Organic is a term synonymous with fresh, high quality foods that are free of harmful additives. Over the last twenty years, the consumer demand for organic foods has steadily increased, and thus the range of available options has grown exponentially. In fact, it’s one of the fastest growing segments of the food industry, with sales growing from $3.7 billion in 1997 to more than $43 billion in 2015, according to a recent report by the The Environmental Working Group. The fresh food spaces like dairy and produce have contributed quite a bit to this, because they are staples we can easily imagine making that “farm to table” transition. Yet, one of the most highly demanded organic categories right now is snacks. Lots of on-the-go snacking options are highly processed – the ingredients required to preserve, color and flavor them are often a far cry from natural, let alone organic. However, busy lifestyles with a health conscious mindset have set the desire for quick and healthy food options at an all time high.
Ahead of the Game
The organic snacking movement gained a lot of its momentum in the form of small companies with big personalities, often breaking away from their conventional competitors with unique offerings. There continues to be a huge space for these types of brands. Hippeas are satisfyingly crunchy and savory snack featuring an unconventional chief ingredient: chickpeas. Similarly, Barnana pushes boundaries with good-for-you indulgence in the form of “upcycled bananas”. Both are focused on sustainability and conscious eating. By consistently finding ways to bring unique options to the table, companies are keeping organic as fresh as ever.
As these types of products have gained popularity, big players inevitably started to take notice. Annie’s, the friendly brand that brought us a myriad of bunny shaped organic snacks, was acquired by General Mills in 2014.This was initially met with some opposition from their customer base, but nearly 70% of the brand’s portfolio will be certified organic by the end of the year, up from about 35% when it sold. (Food Business News). While Justin’s Nut Butter was sold to Hormel in 2016, the company has been continuing to produce innovative and organic products, with the streamlined efficiency of operating under a food industry giant. This kind of action brings organic even further to the forefront of U.S. households.

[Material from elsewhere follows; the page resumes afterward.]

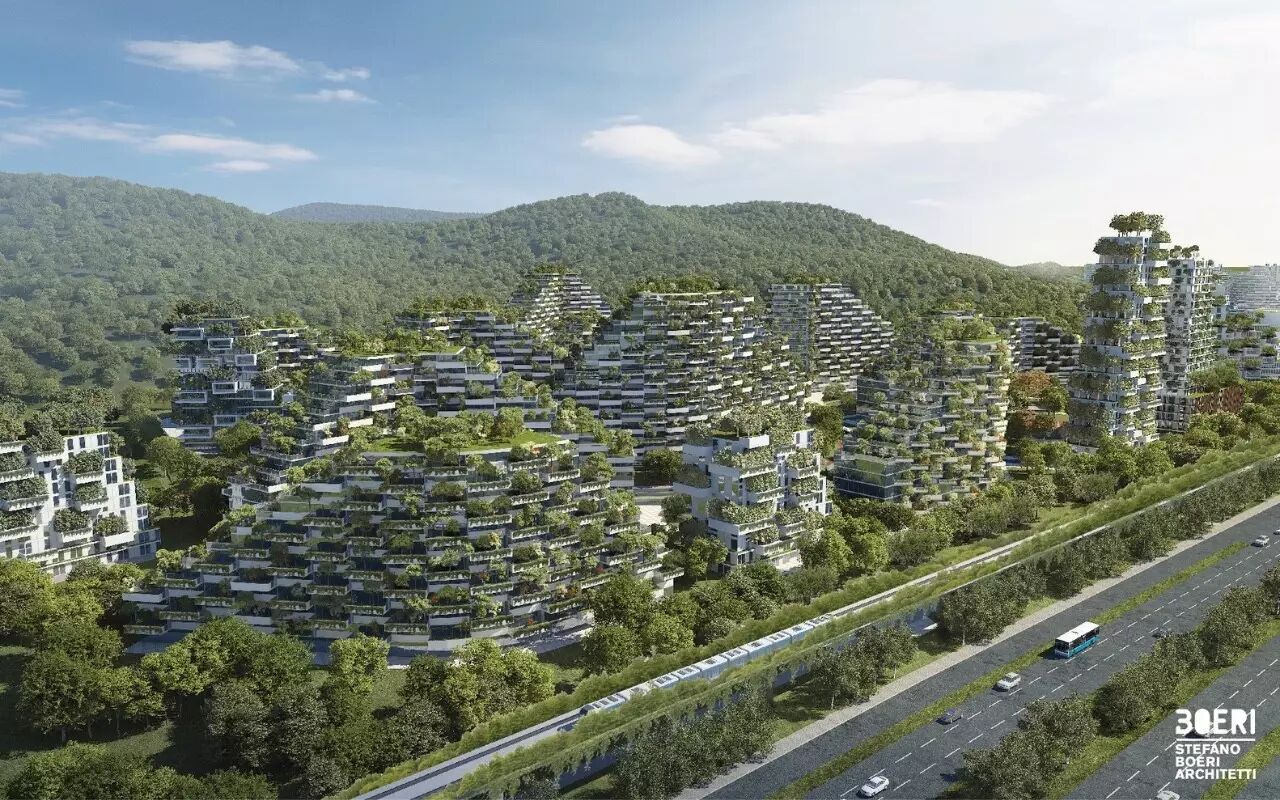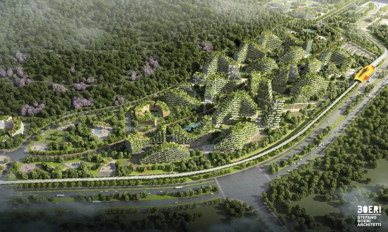 这座绿化城市的理念来自于 Stefano Boeri Architetti 建筑事务所对垂直绿化的深入研究,他们在意大利的米兰完成了世界上第一个立体绿化大楼,现在在全球范围内同时进行着其他几个绿化系统设计方案,其中包括中国的南京,上海和深圳。

Long standing conventional food brands are also being forced to consider making their own organic product extensions. Gatorade’s G Organic is a newly released spin on the original sports drink, boasting just seven simple ingredients. Though USDA Organic Certified, the G Organic line of drinks is criticized for its high sugar content. Each 16.9-ounce bottle carries a whopping seven teaspoons of added sugar – more than the six-teaspoon daily limit recommended by the American Heart Association (New York Times). Frito-Lay has released Simply Organic Doritos, which are free of the artificial flavors and colors that characterize the popular snack. Yet, when comparing the nutritional value of conventional and organic varieties, there isn’t too great of a difference. This calls into question whether consumers are seeing the value in simply consuming certified organic snacks, or snacks that offer more health benefits.
It’s clear that companies of all sizes are seeing a bright future in organic snacking. Its increasing availability to consumers of all economic ranges is opening up tons of possibilities. How will brands start adjusting to this new climate, now that everyone’s going organic? Will the certification of organic begin to lose its association with health and wellbeing? We suspect that this increase in organic snacking will only heighten the trend of touting positive nutritional information such as high fiber, or low sugar content on packaging.